The OWCP-44 is the form used to report the status of a rehabilitation case, submitted by the contractor vocational rehabilitation counselor during an ongoing vocational rehabilitation effort, and to request prompt adjudicatory claims action based on events arising during that effort.
As indicated in item 12, since the last clearance three years ago, the responses from the respondents decreased from 6,050 to 4,775, which is an adjustment of 1,275 responses. Accordingly, the burden hours decreased from 1,010 to 796, an adjustment of 214 hours. We attribute the reduction in part due to the decrease in the number of claims filed since the last submission and an increase in return to work without vocational rehabilitation assistance. The agency believes this most recent data accurately reflects the actual average number of responses and has made a corresponding change to the estimates.

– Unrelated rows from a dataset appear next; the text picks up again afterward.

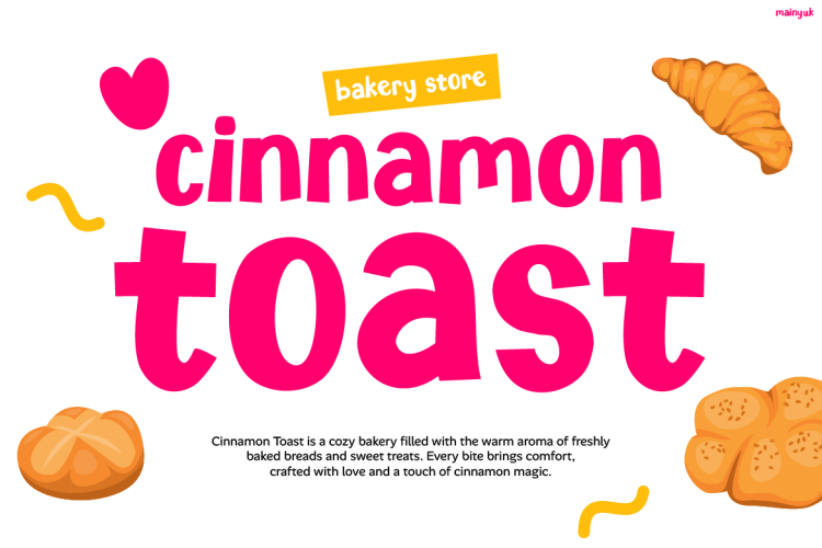 If you love designs that radiate happiness, then Mainyuk is definitely for you. This font was created for branding designers, illustrators, content creators, and small business owners who want to communicate fun and friendliness through their visuals. Moreover, itโs ideal for kidsโ brands, daycare centers, bakeries, and toy packagingโany place where imagination and joy meet.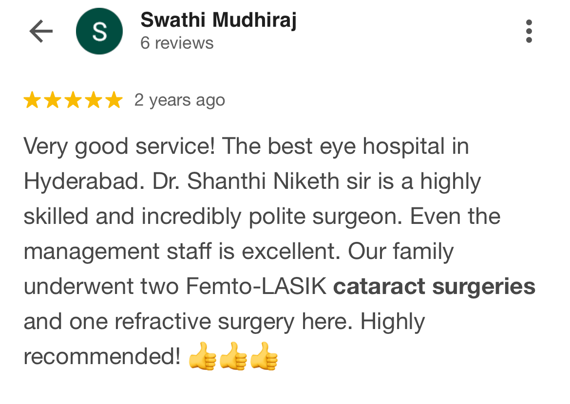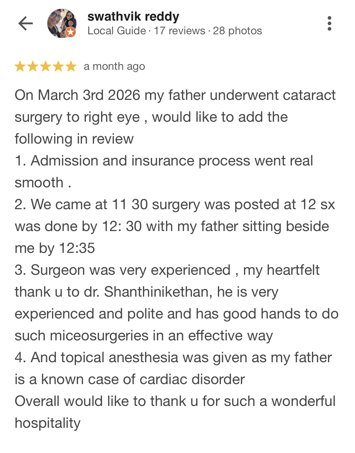 Shanthi Nethralaya Eye Hospital is widely recognized as the best eye hospital in Hyderabad, committed to delivering quality, compassionate, and accessible eye care. Led by Dr. B. Shanthi Niketh, one of Hyderabad top eye specialists, our hospital provides a comprehensive range of services, from routine eye check-ups to advanced eye surgeries. Discover why patients choose Shanthi Nethralaya as their preferred eye hospital in Hyderabad, where affordability meets top-notch care every day.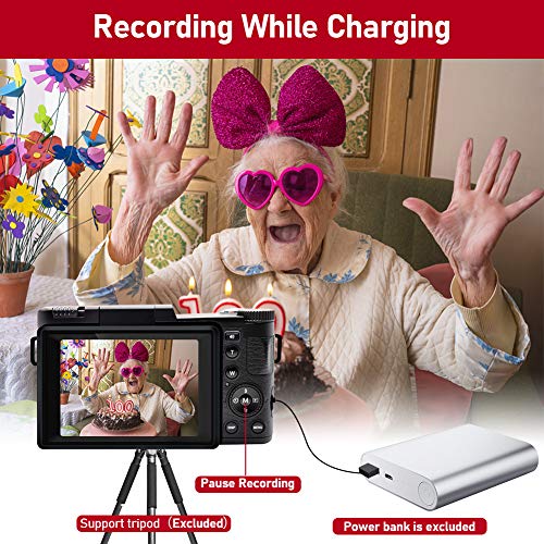- Grabación durante el proceso de carga de la cámara digital soporta la grabación durante el proceso de carga, por lo que puedes grabar cualquier vídeo que quieras sin preocuparte de que se agote la batería. La cámara Vlog viene con 2 pilas recargables y se puede cargar directamente a través del cable USB (incluido). La cámara soporta la función de pausa. Pulsa el botón "Pausa" para continuar la grabación en el mismo archivo sin reiniciarlo.

While not expected materially to change burden, the form has been revised to delete a few data fields requiring entry by the Rehabilitation Counselor such as date wage loss began/date rehabilitation case opened; also, action items were either expanded or deleted that require completion by the Rehabilitation Counselor. The Privacy Act Statement was revised and the form will also include an accommodation statement to contact OWCP if further assistance is needed in the claims process for claimants who have mental or physical limitations.

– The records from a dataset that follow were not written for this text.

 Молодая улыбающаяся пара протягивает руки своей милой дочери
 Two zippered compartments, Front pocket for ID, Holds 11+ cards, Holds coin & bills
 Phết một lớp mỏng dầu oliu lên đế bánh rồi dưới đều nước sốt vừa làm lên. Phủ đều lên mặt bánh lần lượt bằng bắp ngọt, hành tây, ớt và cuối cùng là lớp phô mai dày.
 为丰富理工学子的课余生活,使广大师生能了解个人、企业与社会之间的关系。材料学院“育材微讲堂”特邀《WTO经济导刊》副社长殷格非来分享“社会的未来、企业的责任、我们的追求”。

On behalf of this Federal agency, I certify that the collection of information encompassed by this request complies with 5 CFR 1320.9 and the related provisions of 5 CFR 1320.8(b)(3).
The following is a summary of the topics, regarding the proposed collection of information, that the certification covers:
(i) Why the information is being collected;
(ii) Use of information;
(iii) Burden estimate;
(iv) Nature of response (voluntary, required for a benefit, or mandatory);
(v) Nature and extent of confidentiality; and
(vi) Need to display currently valid OMB control number;
If you are unable to certify compliance with any of these provisions, identify the item by leaving the box unchecked and explain the reason in the Supporting Statement.